Battery sizing
Solar battery calculator
Turn daily or monthly energy use into the nominal battery capacity you need. The result separates delivered energy, conversion losses, reserve, and the whole number of matching battery modules.
Inputs
Size the battery bank
Planning estimate
Your planning estimate
Enter your values, then calculate. Results will show the formula inputs and rounding used.
Formula used
design Wh = daily Wh × autonomy ÷ (DoD × inverter efficiency × battery efficiency) × (1 + reserve)Daily energy is first multiplied by the number of no-charge days. The calculator then divides by each usable-energy factor, adds the reserve, and converts the result to amp-hours at the chosen nominal voltage.
See the full assumptions and rounding policy.
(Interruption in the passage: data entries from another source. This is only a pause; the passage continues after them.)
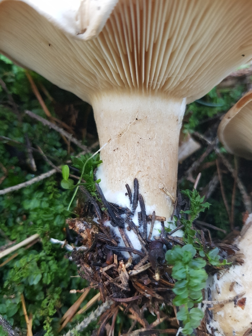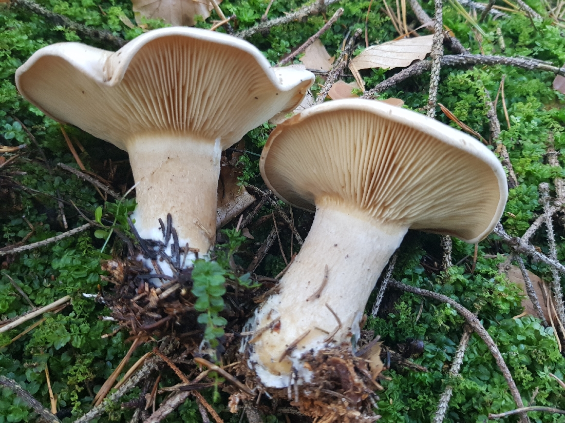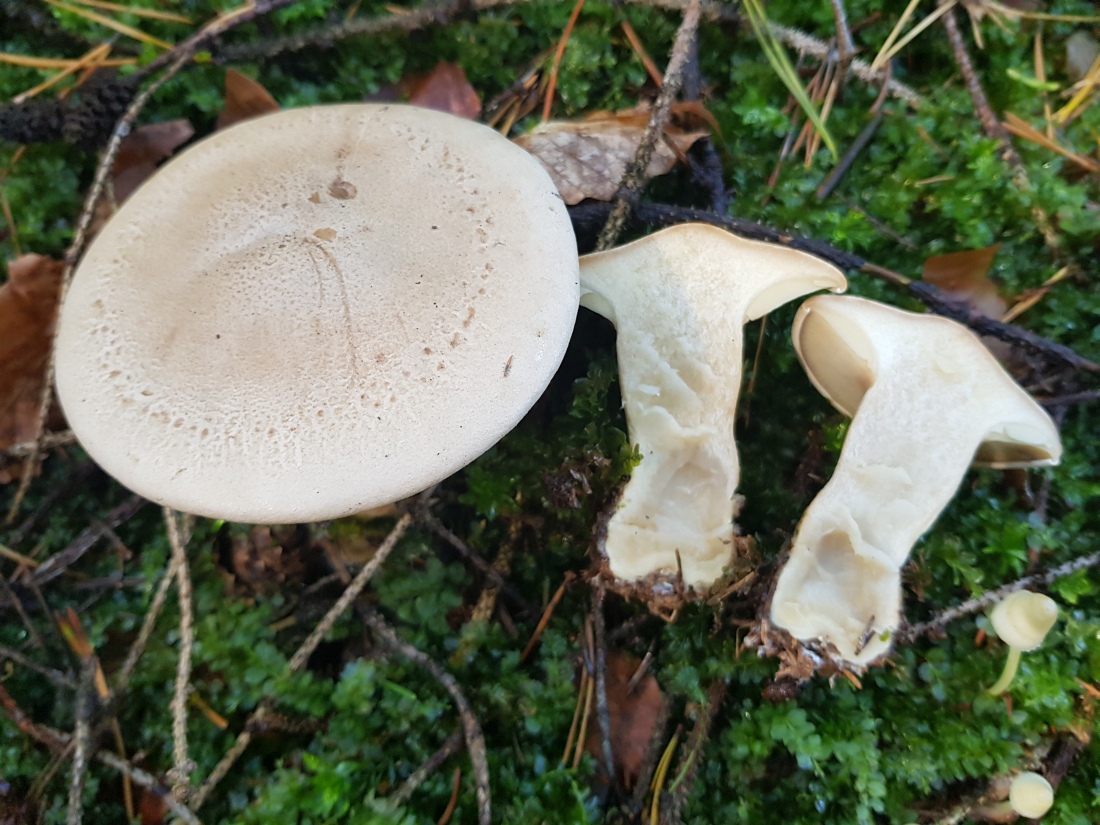 Der folgende Fund Fund von gestern lässt mich noch etwas ratlos zurück. Gefunden im Fichtenwald auf Kalk. Wuchs in einer größeren Gruppe im Hexenring. Grundsätzlich erinnert mich die Statur, Farben und (zumindest entfernt) der Geruch an den Mönchskopf; diesen kenne ich aber nicht mit einem derartig stämmigen Stiel, außerdem fehlt der Buckel. Ein eine andere Clitocybe? Oder Leucopaxillus? Ich Freue mich über Anregungen.
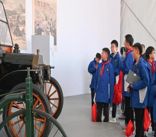 2026年3月13日,一群學(xué)生正在通過展覽了解“汽車百年發(fā)展史”。本文均為澎湃新聞?dòng)浾?吳棟 圖
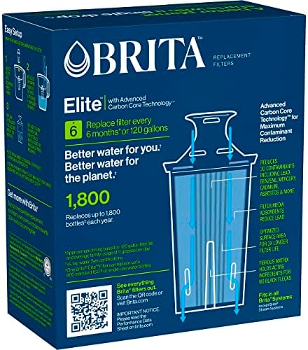with Brita Elite water filter replacements; you can save money and replace 1,800 single-use plastic water bottles
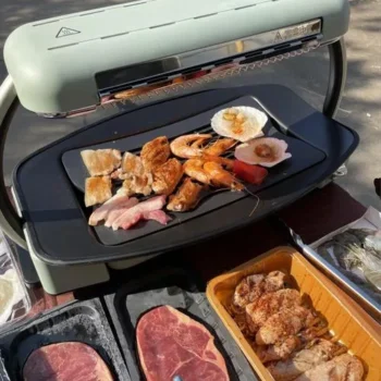 This electric grill stands out with its user-friendly design. The non-stick surface made of high-quality Ptfe ensures that your food grills evenly without sticking. The detachable oil collector makes clean-up a breeze, allowing you more time to enjoy your meals rather than cleaning up. With its powerful performance and compact size, it’s a must-have for every modern kitchen.
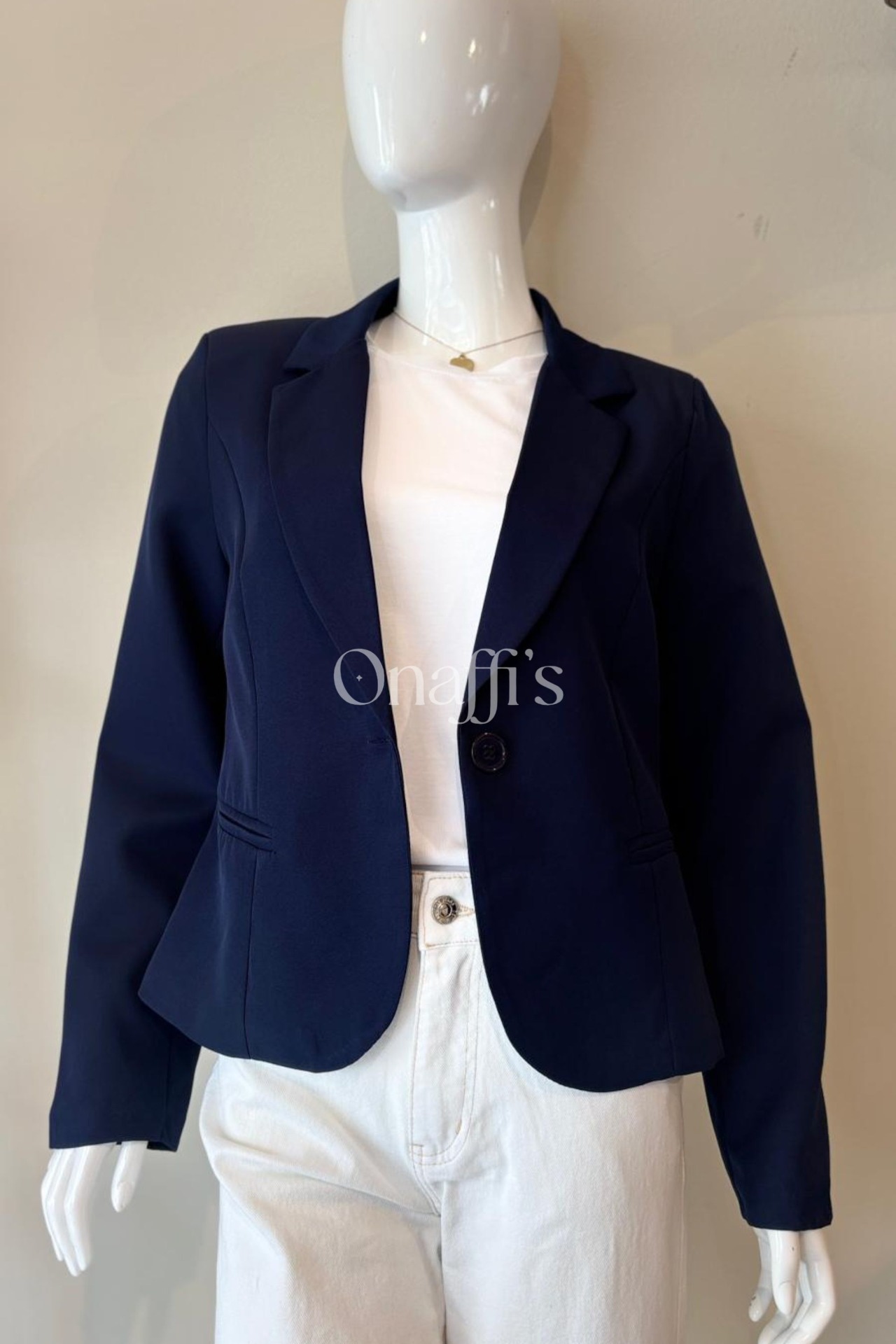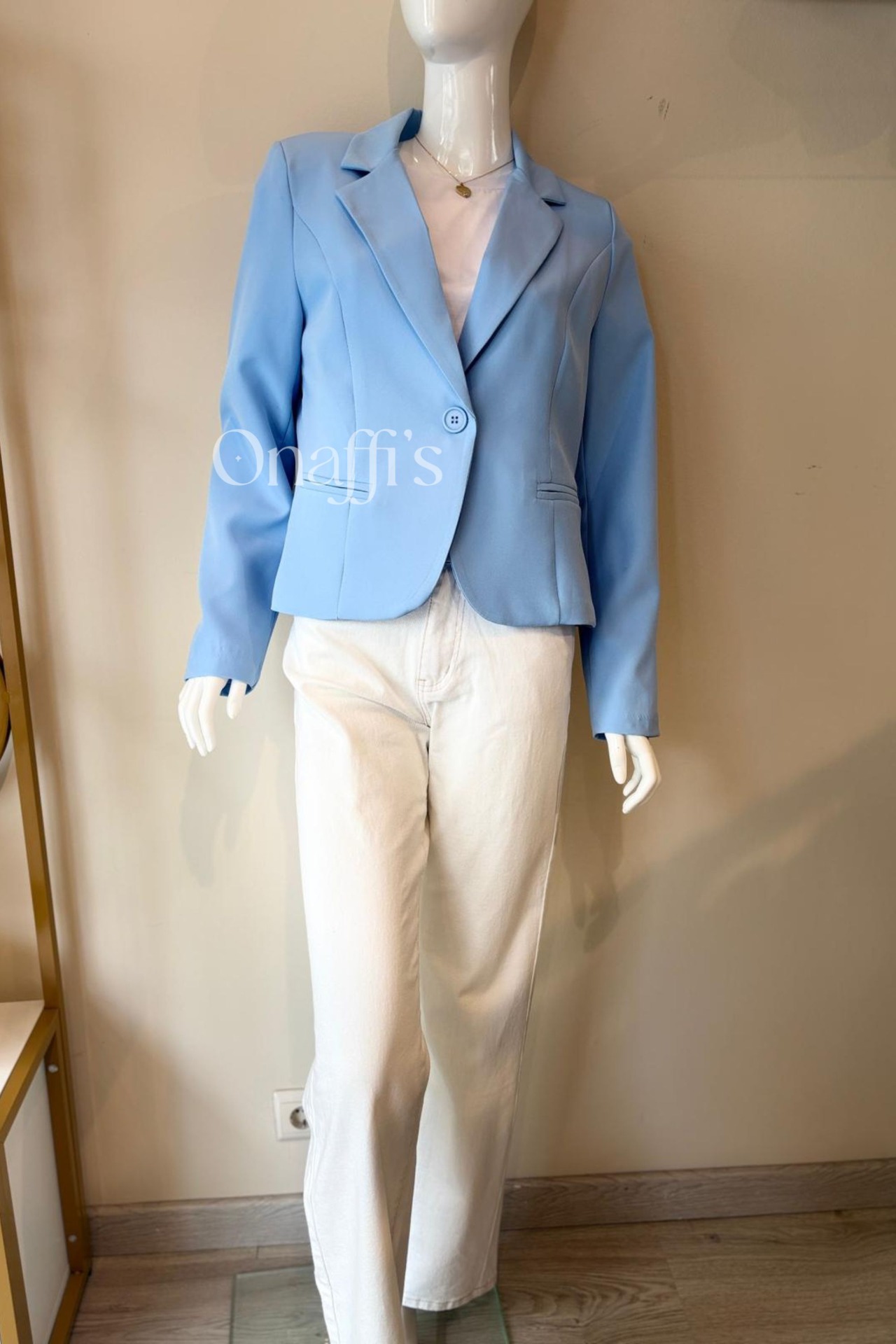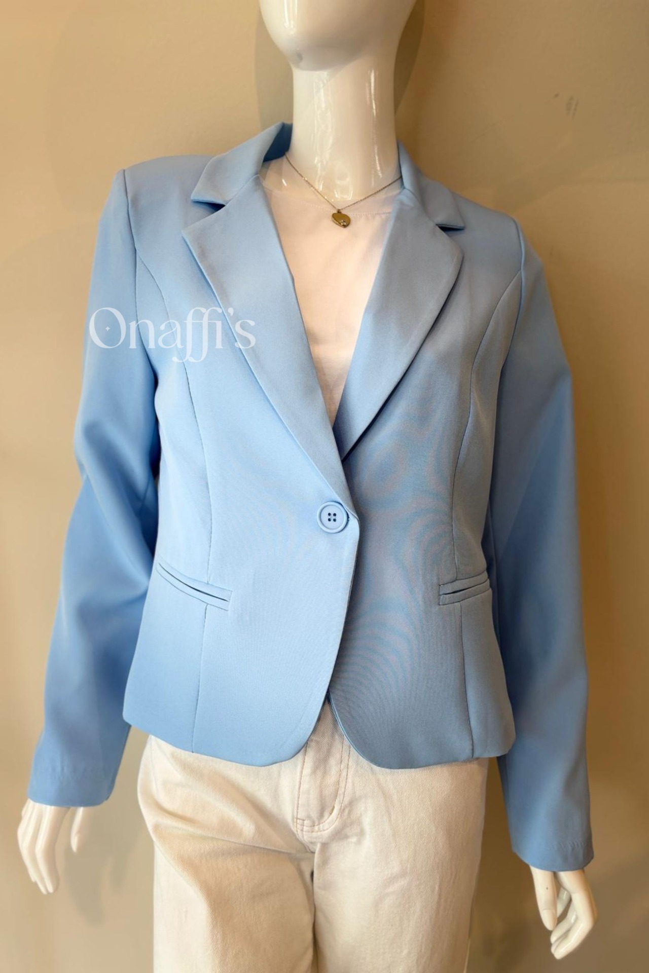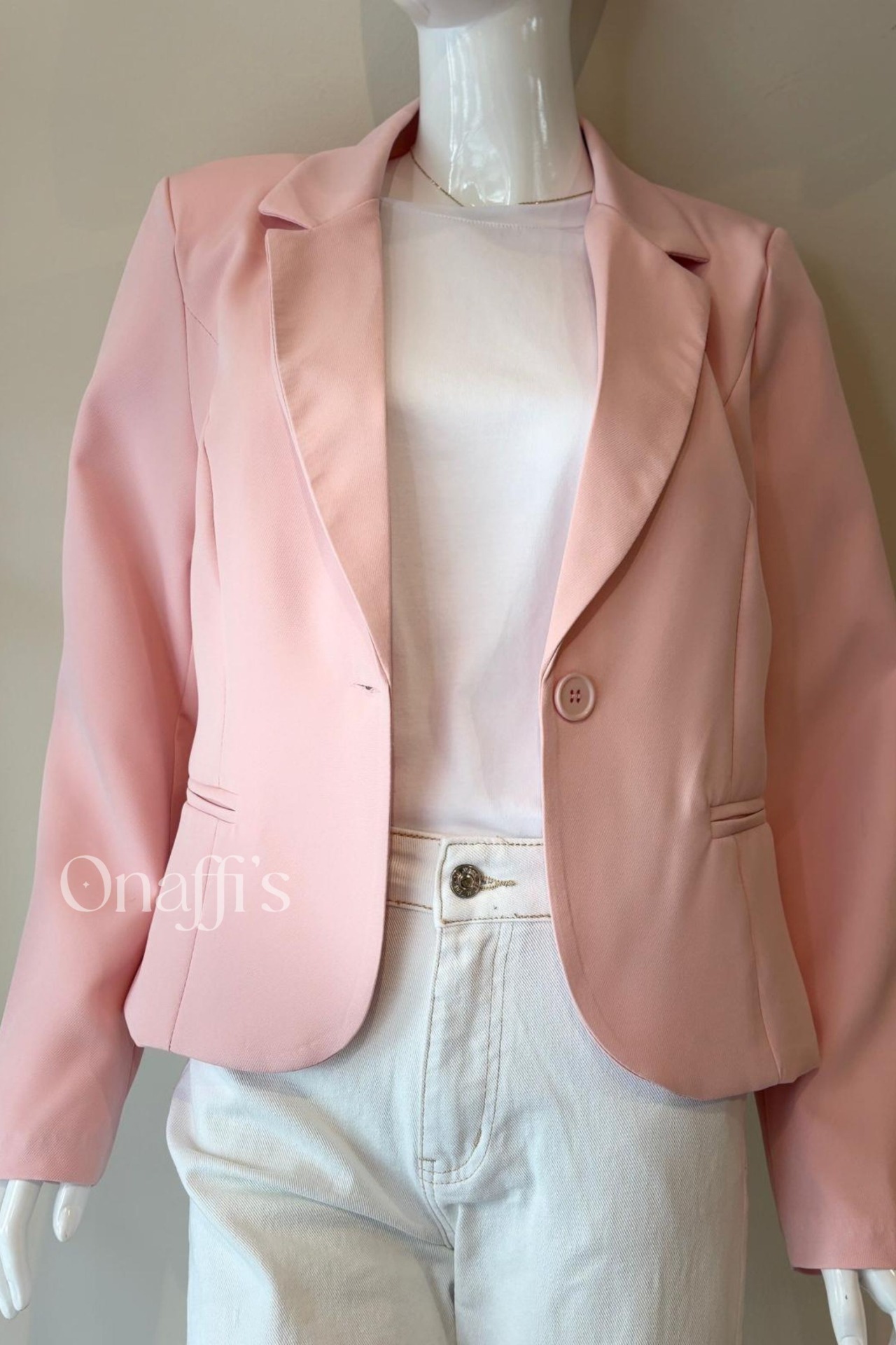 Este blazer curto é a expressão máxima da alfaiataria moderna e versátil. O design arquitetônico, com lapelas polidas e corte ajustado, realça a cintura com elegância.
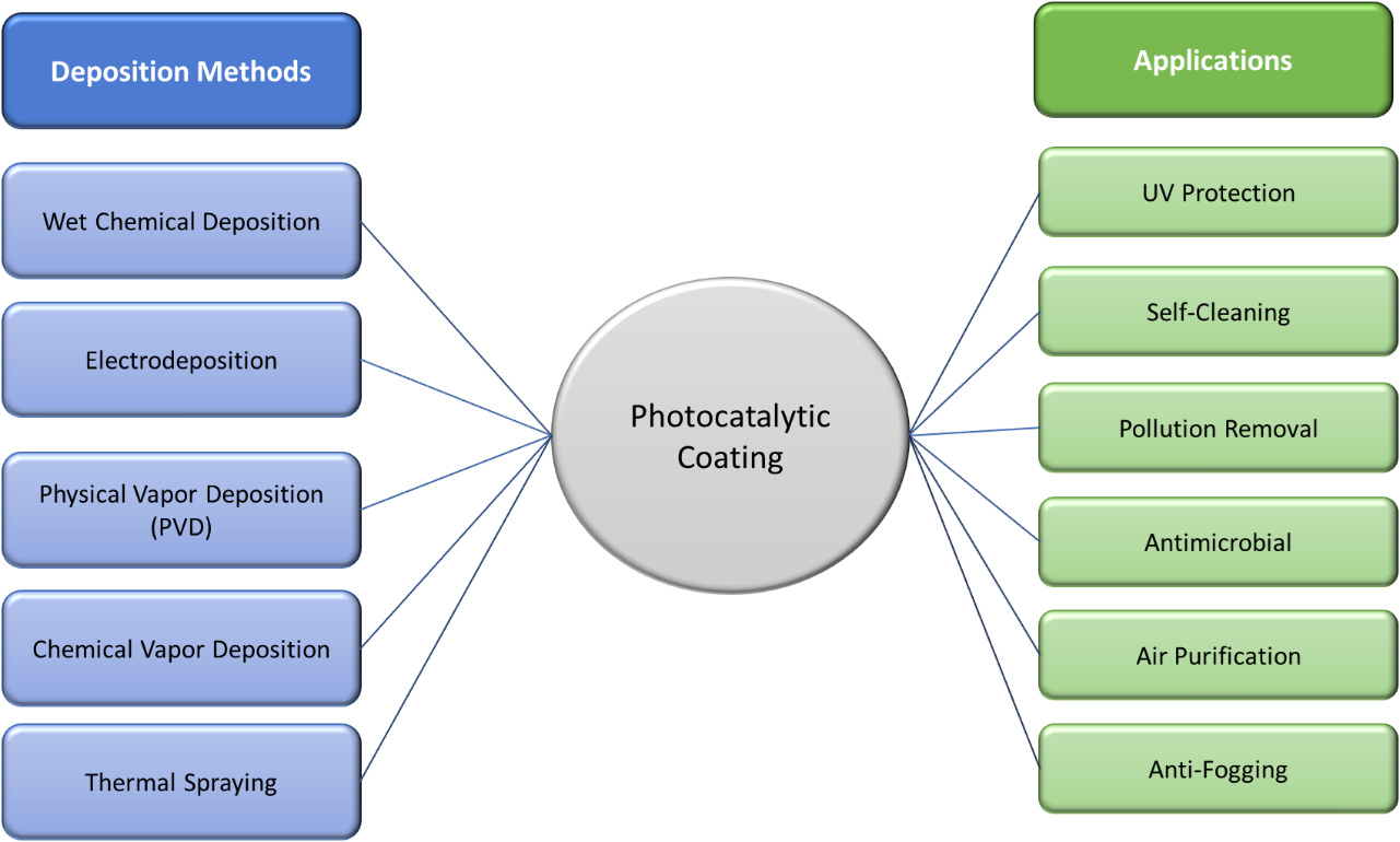 Other than TiO₂, there are different types of photocatalytic coating materials, including zinc oxide (ZnO)-based coatings, metal-doped photocatalyst-based coatings and carbon-based photocatalyst coatings, which offer various functionalities and applications through different deposition techniques. The figure below shows the different types of photocatalytic coating deposition techniques and applications:
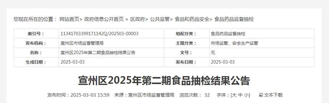 安徽省宣城市宣州区2025年第二期食品抽检结果公告
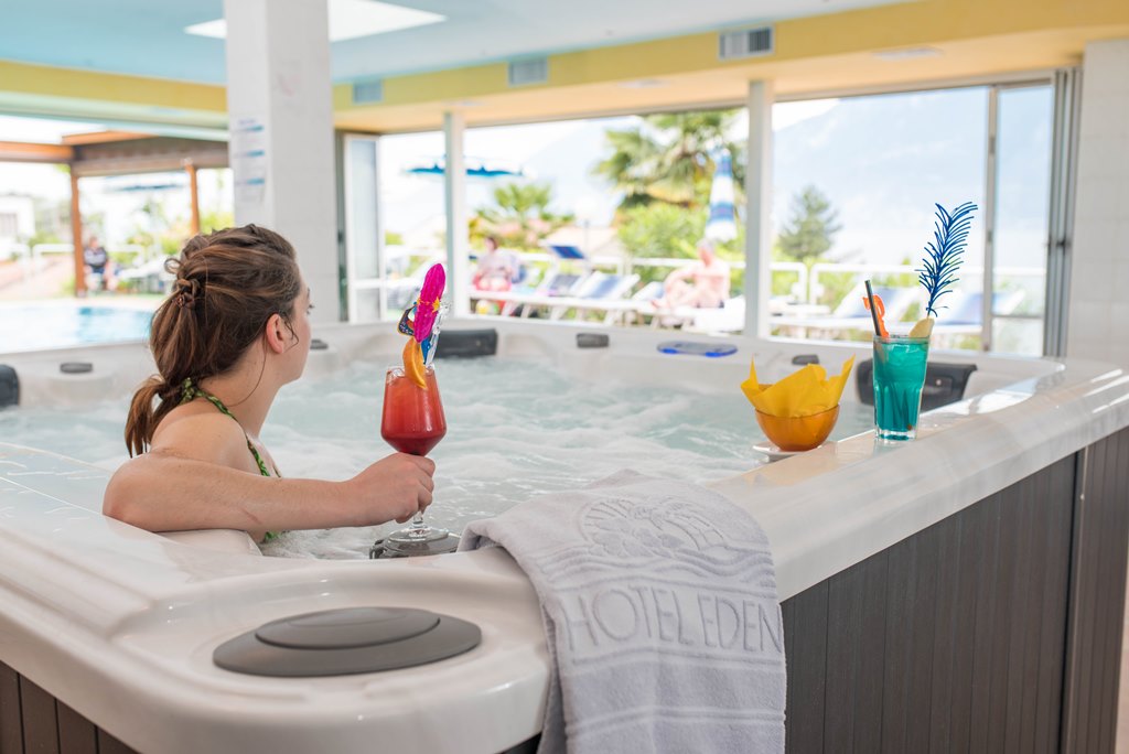 Nella parte interna della piscina, troverete una vasca Idromassaggio SPA Rilassante e Tonificante realizzata con materiali di ottima qualità certificati e garantiti. Quindi presso il nostro hotel La vasca è completa di 61 idro-getti ad acqua e ad aria massaggianti, massaggio collo-schiena, massaggio piedi, riscaldata, luci a led multicolore per la Cromoterapia, Aromaterapia e poggiatesta. Nella vasca potranno rilassarsi contemporaneamente fino a 5 persone.
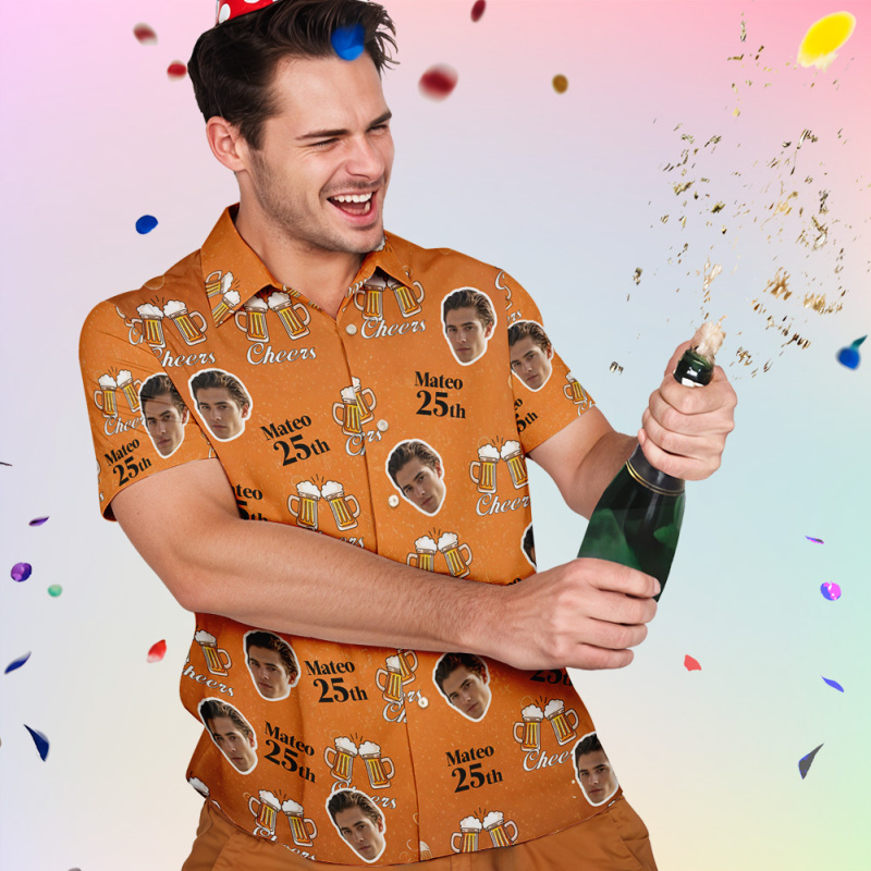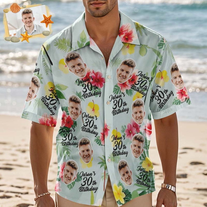 Personalized Birthday Couple Hawaiian Shirt Custom Face Name Summer Birthday Party Green Shirt Aloha Birthday Hawaiian Shirt Birthday Gift
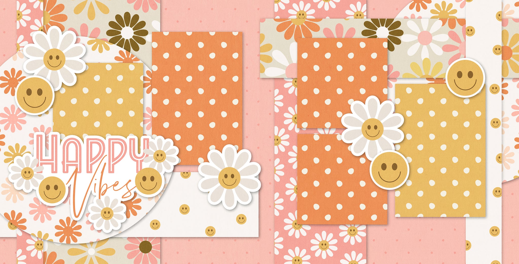 This cheerful scrapbook layout bursts with sunny, feel-good energy, combining warm peach, soft pink, and buttery yellow tones with playful daisy patterns throughout. Layered photo mats in polka dots and florals create a balanced, two-page design, while smiling daisy embellishments and happy face accents add a whimsical, carefree touch. The soft gradients and rounded shapes keep the look light and friendly, perfectly complementing the “Happy Vibes” title that anchors the left page. Overall, the layout feels bright, joyful, and full of positivity—an ideal design for capturing happy moments, everyday smiles, or memories that radiate warmth and fun.
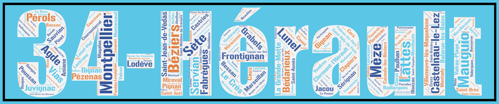 Vous retrouverez facilement Montpellier, Béziers, Sète. Mais saurez-vous retrouver ? :Montady, Romiguières, Pardailhan. Les 342 communes sont réparties dans le nom et le numéro du département .

Worked example: 5 kWh per day for two days
Assume a 24V system, 90% depth of discharge, 92% inverter efficiency, 95% battery efficiency, and no extra reserve.
- Energy to deliver: 5,000 Wh × 2 = 10,000 Wh.
- Combined usable factor: 0.90 × 0.92 × 0.95 = 0.7866.
- Nominal capacity: 10,000 ÷ 0.7866 = about 12,713 Wh.
- Amp-hours: 12,713 ÷ 24V = about 529.7 Ah.
Common mistakes to avoid
- Using battery nameplate kWh as if all of it is usable.
- Applying 90 as a multiplier instead of converting 90% to 0.90.
- Rounding the Ah result down to fit a preferred battery count.
- Assuming any module voltage can form the target system voltage.
Questions people ask
Why is the battery result larger than my daily use?
Daily use is energy delivered to loads. The battery must also cover depth-of-discharge limits and conversion losses, plus any reserve you choose.
Should I use daily or monthly energy?
Use whichever source is more reliable. Monthly energy is divided by 30 for a planning-day average, so check seasonal peaks separately.
Is the chemistry preset a specification?
No. It is an editable planning value. Use the battery maker's limits for a real design.